General & Family Physician
Practicing since : 2005
Answered : 2568 Questions
User :   A 62 (now 63) y.o. very intelligent female who has had multiple high-functioning and highly skilled professions, with hx. of TypeII diabetes, high BP controlled on meds, chronic pain treated w/ morphine; hx intermittent vomiting and diarrhea. Found disoriented June 3, 2009, said "cumcumber (her van) was in the driveway"; given glucose b4 ambulance called. Paramedics arrived and BS 33, BP 220/170, left-facial drooping, could see words she wanted to say but could not speak them. In hosp pt. writing messy, childlike, scribbled; stated Pres. was Nixon, yr. 1989 - later said she knew right answers and knew she was giving wrong answers--she could not say what she intended to speak. Brain MRI no stroke, no bleed. Drs wanted to blame S/S on taking "too much pain meds" but she has been on same dose for long time with no disorientation; drug screen showed NO unexpected levels. Post-hospital: Could not do these things--simple math; speak full sentences (word blockage); diff finding words; diff following simple or complex directions; confusion; forgetful; struggles to understand meaning of other people's words; lost many important items (keys, wallet, uncashed checks; credit/debit cards); wrote wrong years repeatedly June 09 to June '10---she'd write it was 1928, 1967, 1989, etc; often repeated written words in sentences; would get "lost" from room to room, forget what she was going to do. Greatly improved but has continued problems; on 3 of 7 days each week has very bad days. Her doc wonders if she has chronic adrenal insufficiency after repeated cortisone shots for back pain. Biggest S/S now, ALL intermittent include: (first 4 come and go quickly->)dizziness, bad nausea, loss of balance, confusion; (these recurr repeatedly-->)"sluggish"/tired; falls asleep during conversations; left-slide face droops; repeating written words even though she tries hard to write what she intends
User :   to write; tells me "I can only think of (whatever words she's stuck on, like "pretty people")" which she'll find she has written over and over (pretty people pretty people etc); verbal word substitution like "I put the cat (e.g. milk) in the refrigerator"; losing items; forgetfulness; gets "lost" in house; less spontaneously verbal since June 2009; less interest in previously high-interest subjects; stares hard at nothing when she can't speak words; recognizes people but forgets people's names she has known for years; word recall tests=zero but fair word recognition. Written perseverations interfere with her job. Her doc wants me to continue my observations since I am a retired RN. I wonder if intermittent TIAs but her Dr says no. I cannot find anything online about "written perseveration" when the patient knows what they intend to write but what gets written is something totally different; sometimes she recognizes the repetition, but often she does not. Examples of problem writing with crossed outs on repeats: 1.) Walked 5 minutes minutes 5 minutes walking minutes 5 wal walk walking" 2.) "old people did old people old people old peo people" 3.) Out of of of bread. Went went to to to store to store to store bread". She says she never intended to write these words at all; at the time she fully believes she is writing what she intends to write. She can verbally tell me the intended sentence without perseveration of any word but often has blocking--starts sentence--stops--struggles for next word--starts over-- blocks on a different word, etc. Now, BP and BS WNL except occ. very low BPs of 90/50. Can have all of the above S/S during higher BS of 172. On Glucaphage 1,000 BID; Glyburide 3mg BID; Enapril 30mg a day; Morphine ER 100mg BID; Simvastatin; Synthroid; anti-depressant at HS. Neuro said NOT dementia. Any ideas please?                              
Doctor :   Hi
Doctor :   let me read
User :   I tried to describe all of observable problems.

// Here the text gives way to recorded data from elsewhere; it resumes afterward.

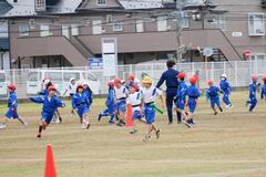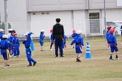 はじめは、ボールを使わずに体の使い方を学ぶために、タグを使った鬼ごっこからはじめ、徐々にボールの投げ方、つかみ方、どうやって先へ進めるかなど流大生に丁寧に指導していただきながら、タグラグビーのやり方を覚えていきました。後半には、実際に試合を行い、チームメイトと声を掛け合い協力しながら活動することができました。
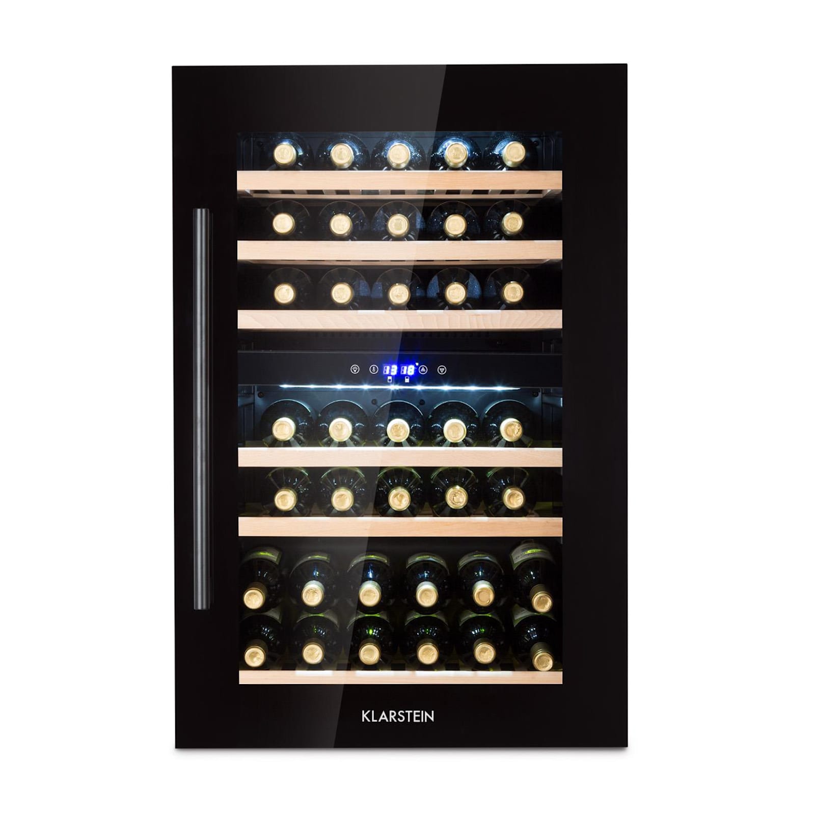 Gracias al Klarstein Vinsider 41 Built-in Duo Onyx Edition frigorífico de vino, tu vino puede desarrollar su mejor aroma gracias a la refrigeración adecuada. Con el regulador de temperatura, es posible establecer temperaturas entre 5 y 22 °C en el frigorífico de vino de 2 zonas. Así, los vinos blancos y tintos se enfrían perfectamente en ambas zonas de refrigeración al mismo tiempo, ya sea para las últimas horas antes de la cena o para los próximos meses. Tu vino puede almacenarse protegido de vibraciones y de la luz.
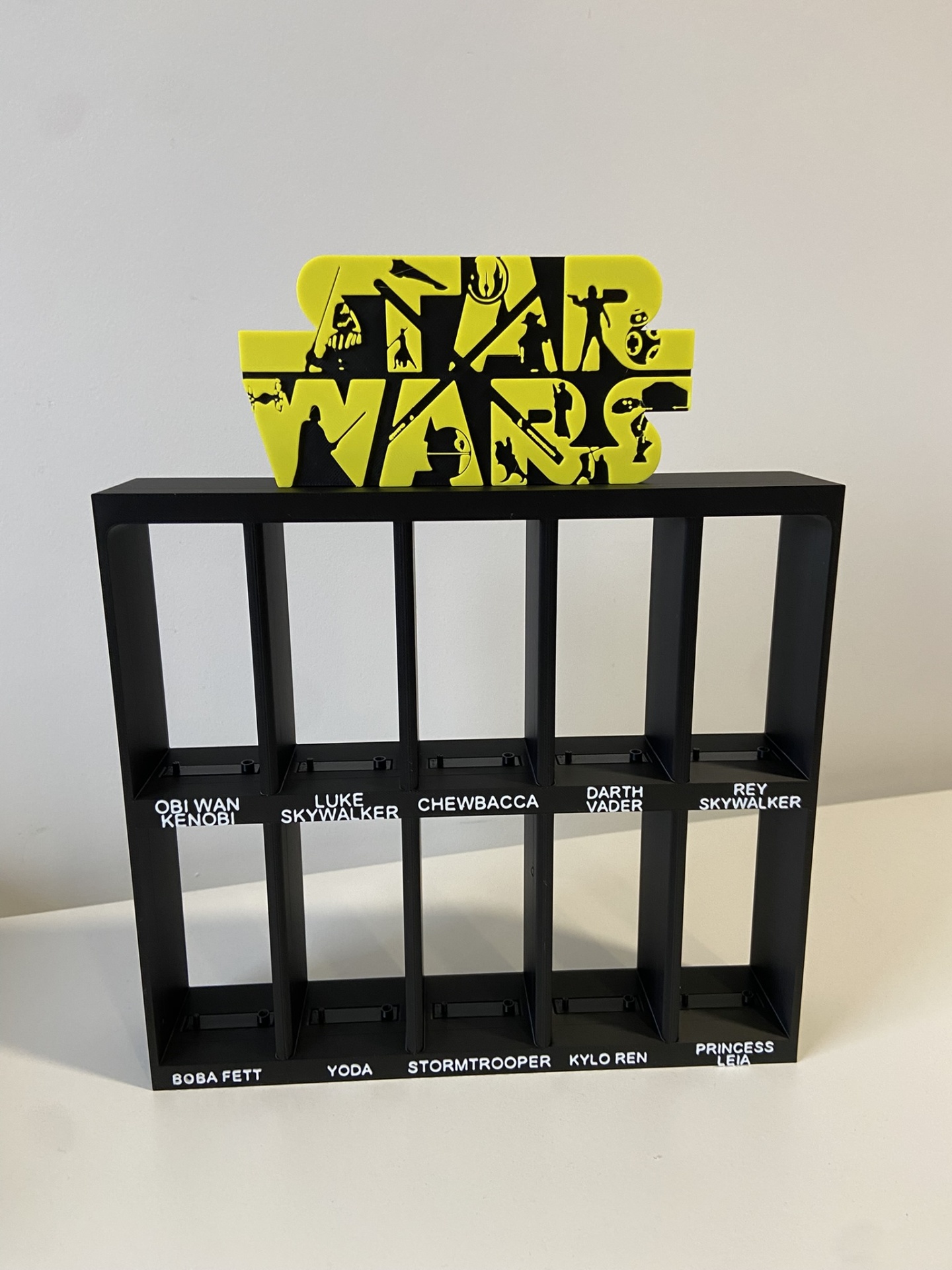 Suporte para figuras Star Wars - Kinder 14,00 € Desconto de %. Partilhar Comprar Contactar Suporte para figuras Star Wars - Kinder Ideal para organizar e exibir a tua coleção! Design compacto , perfeito para destacar as tuas figuras favoritas. Pensada para colecionadores que gostam de ver tudo no seu lugar. As figuras encaixam no suporte presente em cada divisória. ### Não inclui figuras ### Medidas: 23 x 21 x 4,6 cm + 7 cm logotipo # Disponível noutras cores, basta indicar nas notas da encomenda as cores pretendidas # Material: PLA O PLA (ácido polilático) é um material biodegradável e sustentável, derivado de fontes renováveis - como o amido de milho. Material resistente. Marca misa3D Características
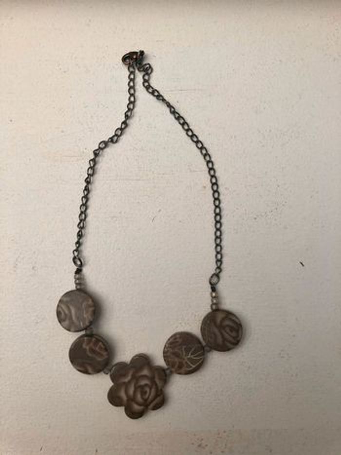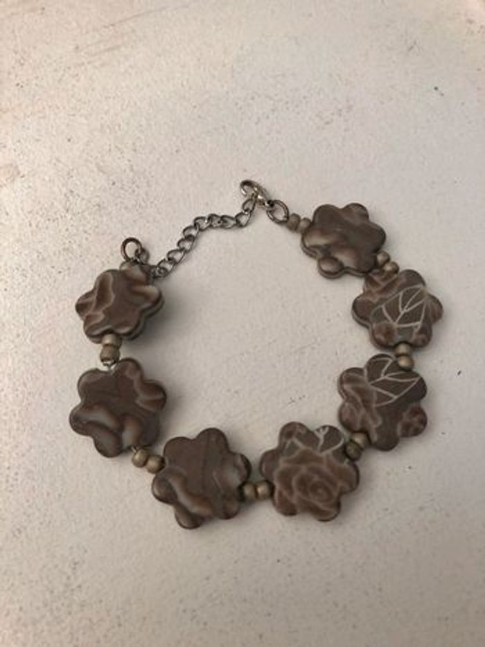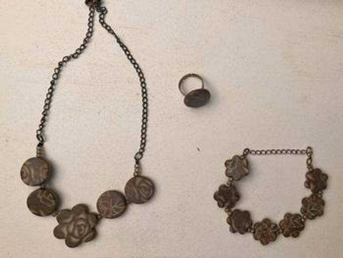 🛍composé : -d’un collier ras du cou de 39cm ajustable -d’un bracelet ajustable de 21cm à -d’une bague réglable d’un diamètre de 2cm à ✨imprimé feuilles et fleurs ✨jolie couleur taupe ✨fait à la main #faitmain #bijoux #bague #bracelet #collier #taupe
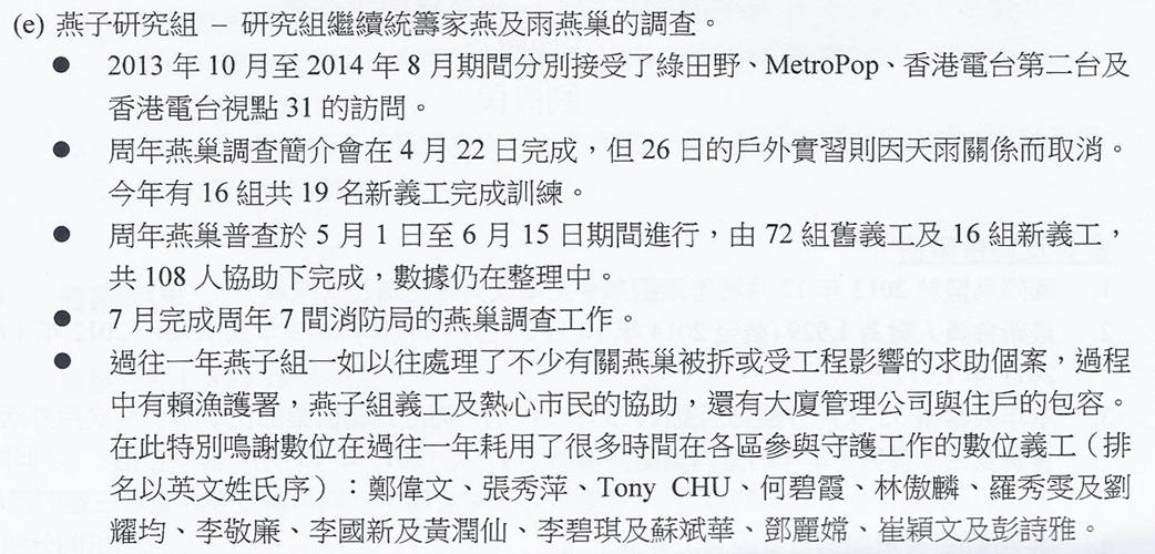 燕子研究組報告事項(會員周年大會主席報告)

Doctor :   when she was taken to ER and MRI was taken what did the doctors say ?
User :   MRI done 48 hrs after admittance
Doctor :   ok
User :   Said no stroke, no bleed
User :   kept her in ER 24 hrs due to very low BS
Doctor :   ok
User :   ALL of what I described the docs in hospital saw/heard
User :   They also did swallow test-- ok
User :   I'm very worried; she lives alone & I think she needs new MRi
Doctor :   what was the provisional diagnosis the doc at ER made at the time of admission ?
User :   Took too much pain med; severe low BS; severe high BP
User :   They had her on 4 BP meds at discharge because BP would rise when on lower amounts
Doctor :   what was the BS at the time of admission
User :   Here with paramedics it was 33 AFTER I gave her glucose tabs
Doctor :   ok
User :   They gave glucose gel.. got it to 44 before transport
User :   We don't know time-line
User :   drove here 8pm... I found her disoriented at midnight
User :   I was asleep...
Doctor :   The low BS combined with the High BP has caused damage to her brain
User :   She was walking, talking, but "lost", disoriented, looked like drunk (does not drink)
Doctor :   yes
User :   Dr that is what I think too, but her Dr says NO
User :   She has had NO post therapy
User :   *I* am the only one helping her
Doctor :   ok
User :   I know if I had not found her she would have died, BS was likely in 20s before I found her
Doctor :   low glucose and high blood pressure temporarily causes brain dysfunction
Doctor :   and it will proceed to brain injury only left for some time in that state
User :   What is recovery time? Or will she continue to have BI symptoms for rest of life?
Doctor :   the incidence has impaired her intellectual and cognitive function
User :   I agree; why don't docs here agree?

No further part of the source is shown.